I can still feel where he touched me—low, deep, sharper than any needle Kai’s ever held—and now that the pain is gone?

I’m left with the quiet. And the quiet is worse.

The quiet lets everything crawl back in.

Nathan’s voice. Nathan’s hands. Nathan’s fucking smirk.

I need out of my own head. I need the fog back. I need anything other than this.

So I end up at Kai’s door, practically vibrating out of my skin, one hand braced against the metal to keep myself upright while the other trembles like I’m freezing.

I knock once, twice, then harder, because I cannot—physically cannot—wait politely like a functioning person.

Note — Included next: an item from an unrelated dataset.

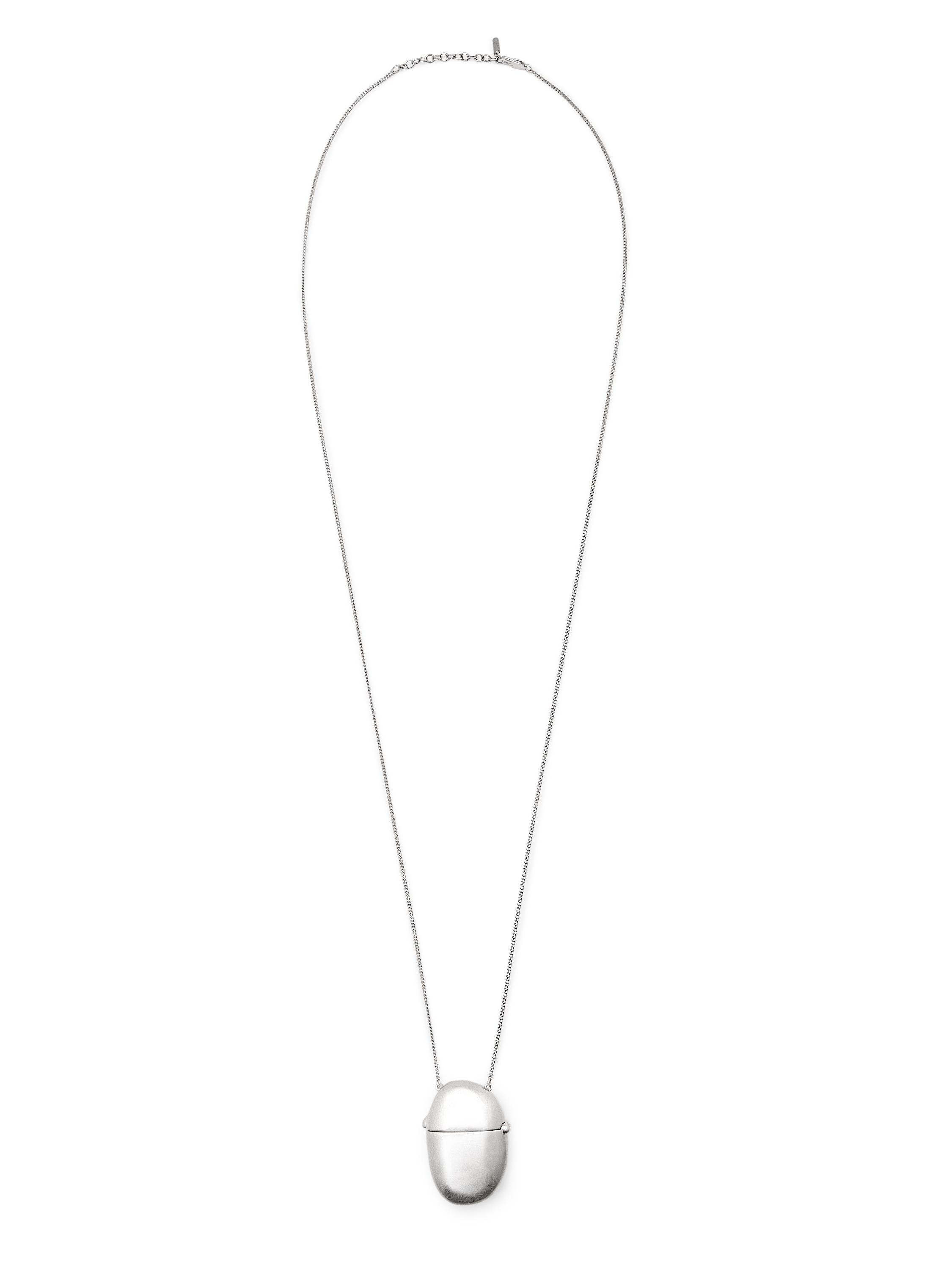 Collier chaîne. Pendentif en métal type boîte de forme ovale . Fermoir mousqueton.

My thigh is healed. My mind isn’t.

Kai opens the door on the third hit, leaning in the frame like he already knew exactly who’d be here.

He looks me over with that surgical boredom he does so well, eyes drifting down my twitchy fingers, the sweat at my hairline, the way I keep shifting on my feet like standing in place might kill me.

He exhales a slow, unimpressed sigh, and I want to scream just to hear something break.

“Feeling restless, pretty boy?” he asks, voice soft, amused, cruel in that clinical way that makes you feel stupid for bleeding.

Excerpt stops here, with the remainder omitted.